טכניון מכון טכנולוגי לישראל
הטכניון מכון טכנולוגי לישראל - בית הספר ללימודי מוסמכים  
M.Sc Thesis
M.Sc StudentBretter Ronny
SubjectMulti Learning with Distortion Rate Theory
DepartmentDepartment of Electrical Engineering
Supervisors Professor Yacov Crammer
Professor Lihi Zelnik-Manor
Full Thesis textFull thesis text - English Version


Abstract

In this thesis the general problem of learning in parallel multiple tasks is examined in a novel approach based on information theory.

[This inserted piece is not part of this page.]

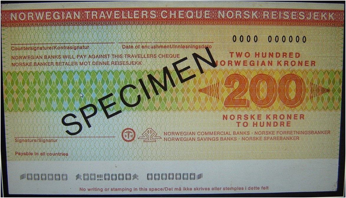 200 KORON Travellers Check of Norsk Рейсесіекк

The basic and intuitive motivation of algorithms in the area of multi task learning is that closely related tasks share mutual information that can be exploited in order to improve performance of each individual task. Previous work in the multi task learning area succeeded to improve performance based on this concept, yet in this work a new principled approach for multi task learning is proposed. The main contribution of this work is by providing a systematic approach based on information theory that enables to derive new algorithms. The power of the formalism leads to the development of elegant algorithms that enable to weight related tasks according to their significance to a pre-defined task. The developed formalism has the advantage of being simple, general and applicable to both discriminative and generative learning problems such as maximum likelihood, regression and classification. The main theoretical idea of the thesis is by formulating the fundamental information fusion between learned tasks as a compression problem based on the distortion-rate theory. In this analogy the fundamental tradeoff between compression rate and data distortion tunes the bias - variance tradeoff in the multi learning problem. I.e. the tradeoff between preventing over fitting to the training data and minimizing the average loss. The thesis focuses on an algorithmic application for multi SVM learning and evaluates empirically the performance on the Sentiment classification and 20 news group data bases. Results show that the proposed approach yields an improved performance in a large amount of experiments compared to few base lines.